BEGIN

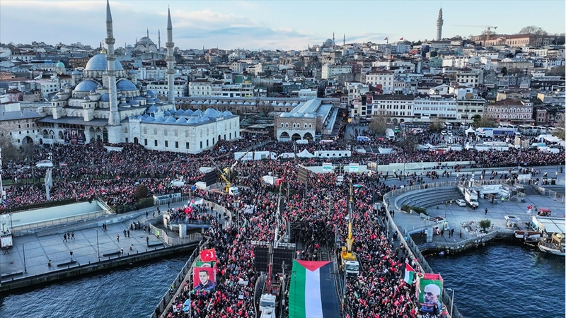 İSTANBUL (AA) - Türkiye Gençlik Vakfı (TÜGVA) öncülüğünde, "Sinmiyoruz, susmuyoruz, Filistin'i unutmuyoruz" sloganıyla yapılan eylem için Ayasofya-i Kebir Cami-i Şerifi, Sultanahmet Camii ve Eminönü'ndeki Yeni Cami ile Fatih ve Süleymaniye camilerinin önlerinde toplanan katılımcılar, kortejlerle Galata Köprüsü'ne yürüdü.
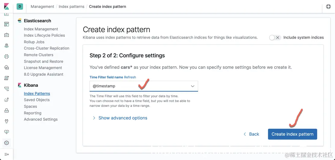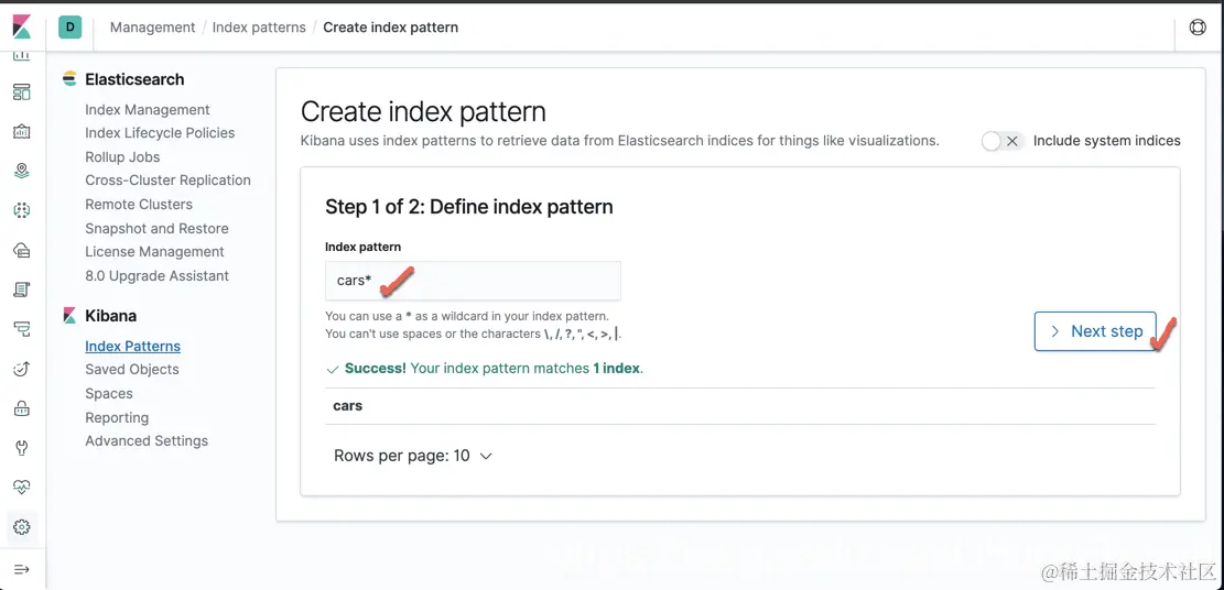 我们建立一个叫做 cars* 的 index pattern。
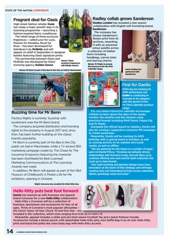 High street fashion retailer Oasis has made a major growth step in its licensing programme – launching a fashion-inspired fabric conditioner. The initial range of three exclusive fragrances – called Love for Lace, Passion for Paradise, Revel for Rose – has been developed for Sainsbury’s by McBride and will appear on shelf in September in designer bottles featuring Oasis signature prints. The partnership between Oasis and Above: Three McBride was developed by Oasis’ exclusive fragrances licensing agency Golden Goose. will initially launch. Below: Mr Benn is part of the Bee in the City art trail in Manchester.
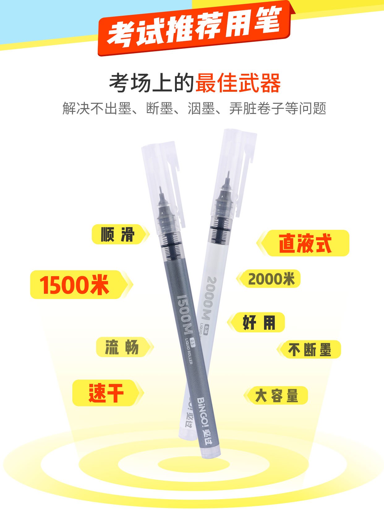 考试必过直液走珠笔0.38mm黑
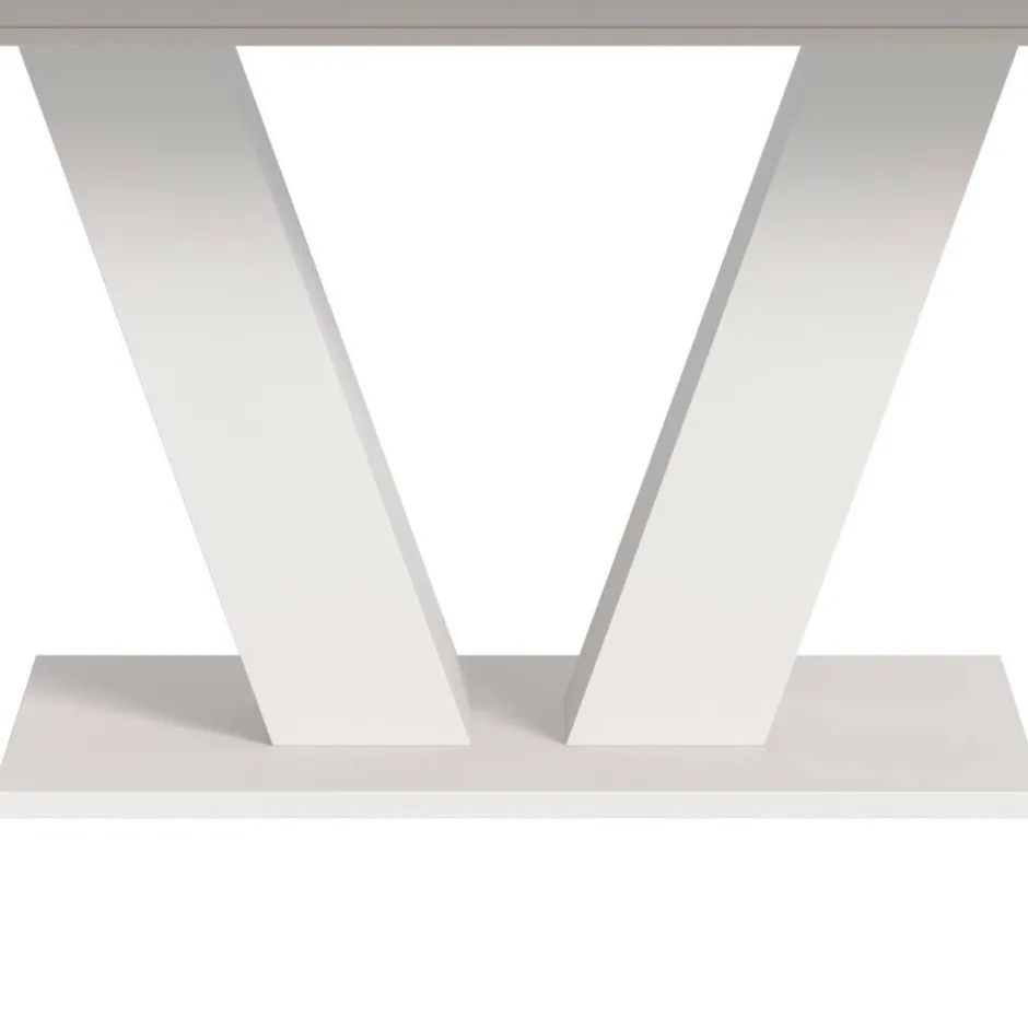 - Weißes Fußgestell in V-Form mit stabiler Bodenplatte
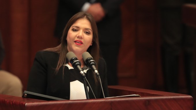 QUI20. QUITO (ECUADOR) 06/01/2018.- María Alejandra Vicuña jura en el cargo como la nueva vicepresidenta del país, hoy, sábado 6 de enero del 2017, al ser designada por el foro legislativo en reemplazo a Jorge Glas, en prisión por estar vinculado a un caso de asociación ilícita relacionada con la trama de corrupción de la brasileña Odebrecht, en el Parlamento en Quito (Ecuador). EFE/José Jácome
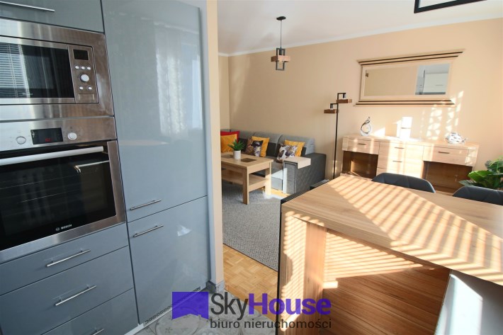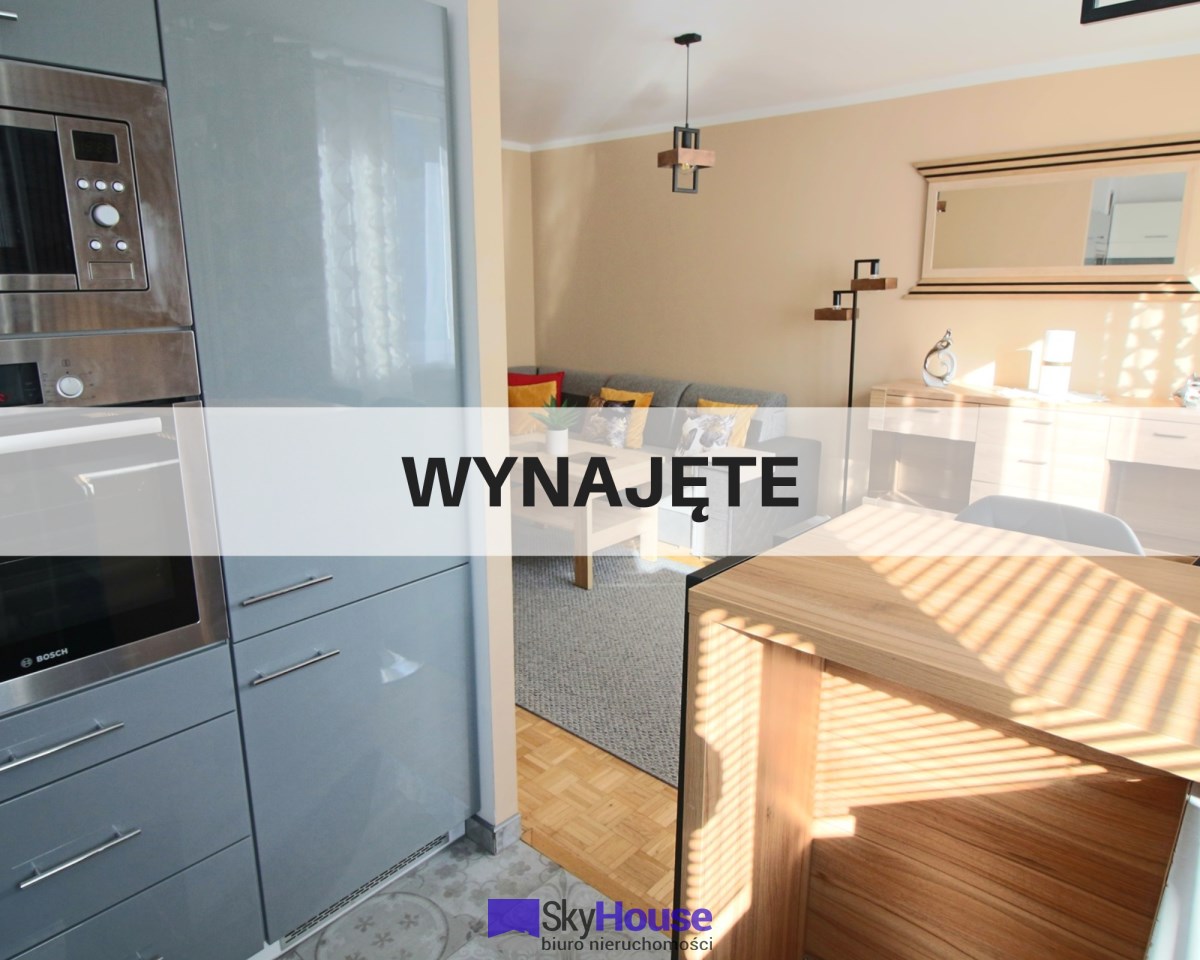 Mieszkanie jest w pełni wyposażone, gotowe do wynajęcia od zaraz. Pokój dzienny z wygodną kanapą, stolikiem kawowym, komodami i TV. Komfortowo wyposażona kuchnia (lodówko-zamrażalka, piekarnik, płyta elektryczna, zmywarka, mikrofalówka, czajnik elektryczny), wygospodarowane miejsce do spożywania posiłków. Sypialnia z wygodnym podwójnym łóżkiem oraz pojemną szafą. Z sypialni wyjście na balkon. W przedpokoju szafa - dodatkowa powierzchnia do przechowywania. Łazienka z pralką i prysznicem.

END

§ **Task brief**: Everything in the listing, except its images, should be set down exactly.

§ **Your solution**:
 İSTANBUL (AA) - Türkiye Gençlik Vakfı (TÜGVA) öncülüğünde, "Sinmiyoruz, susmuyoruz, Filistin'i unutmuyoruz" sloganıyla yapılan eylem için Ayasofya-i Kebir Cami-i Şerifi, Sultanahmet Camii ve Eminönü'ndeki Yeni Cami ile Fatih ve Süleymaniye camilerinin önlerinde toplanan katılımcılar, kortejlerle Galata Köprüsü'ne yürüdü.
 我们建立一个叫做 cars* 的 index pattern。
 High street fashion retailer Oasis has made a major growth step in its licensing programme – launching a fashion-inspired fabric conditioner. The initial range of three exclusive fragrances – called Love for Lace, Passion for Paradise, Revel for Rose – has been developed for Sainsbury’s by McBride and will appear on shelf in September in designer bottles featuring Oasis signature prints. The partnership between Oasis and Above: Three McBride was developed by Oasis’ exclusive fragrances licensing agency Golden Goose. will initially launch. Below: Mr Benn is part of the Bee in the City art trail in Manchester.
 考试必过直液走珠笔0.38mm黑
 - Weißes Fußgestell in V-Form mit stabiler Bodenplatte
 QUI20. QUITO (ECUADOR) 06/01/2018.- María Alejandra Vicuña jura en el cargo como la nueva vicepresidenta del país, hoy, sábado 6 de enero del 2017, al ser designada por el foro legislativo en reemplazo a Jorge Glas, en prisión por estar vinculado a un caso de asociación ilícita relacionada con la trama de corrupción de la brasileña Odebrecht, en el Parlamento en Quito (Ecuador). EFE/José Jácome
 Mieszkanie jest w pełni wyposażone, gotowe do wynajęcia od zaraz. Pokój dzienny z wygodną kanapą, stolikiem kawowym, komodami i TV. Komfortowo wyposażona kuchnia (lodówko-zamrażalka, piekarnik, płyta elektryczna, zmywarka, mikrofalówka, czajnik elektryczny), wygospodarowane miejsce do spożywania posiłków. Sypialnia z wygodnym podwójnym łóżkiem oraz pojemną szafą. Z sypialni wyjście na balkon. W przedpokoju szafa - dodatkowa powierzchnia do przechowywania. Łazienka z pralką i prysznicem.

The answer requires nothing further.